- Intellia has optimized its core LNP technology to work across multiple targets within the liver.
- Now the company is branching into in vivo targets in bone marrow and HSC.
- Intellia is years ahead of its CRISPR competitors with its LNP technology.
Over the past several years, Intellia (NASDAQ:NTLA) has been developing the most advanced CRISPR in vivo platform in the industry. While CRISPR Therapeutics (CRSP) has captured the market’s attention with their industry leading treatment for sickle cell and beta-thalassemia (CTX-001), Intellia has presented by far the most advanced in vivo data to this point and has a new encouraging treatment paradigm that could ultimately capture and treat the largest share of the sickle cell disease population. This article will illustrate the company’s in vivo advancements and show how Intellia could end up being the most successful CRISPR company.
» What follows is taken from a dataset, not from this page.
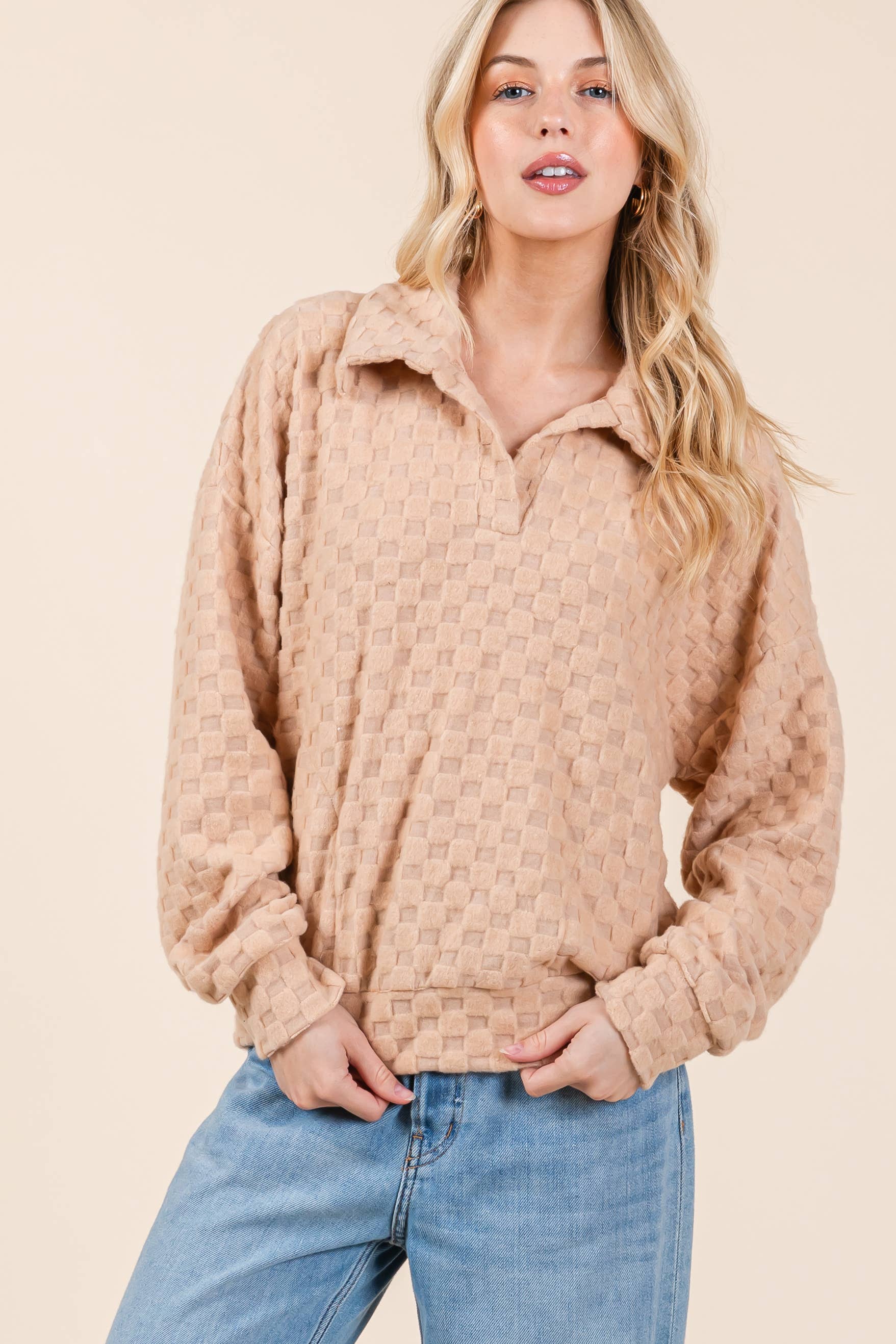 Elevate your everyday look with this check-textured pullover. Featuring a soft feel, relaxed fit, and collared neckline with a subtle split front, it blends comfort and style effortlessly.

Early In Vivo Advancements
Source: Intellia Presentation 2018
In late 2018, Intellia made an in vivo advancement to their lipid nanoparticle (LNP) cargo components that resulted in a huge gain in efficacy. The advancement was so good, the company decided to delay their IND submission for their lead candidate, NTLA-2001, by roughly 6 months and push it out until 2020. A pre-clinical biotech company, significantly delaying their lead candidate by 6 months, is usually a huge red flag, but in the case of Intellia it provided the groundwork for their entire in vivo platform. The delay allowed the company to include the enhanced cargo components into their lead candidate. The enhancements resulted in a very predictable spread of high levels of editing using a lower dosage than previous iterations. The result was editing in the liver of nearly 80% and TTR protein knockdown of around 95%.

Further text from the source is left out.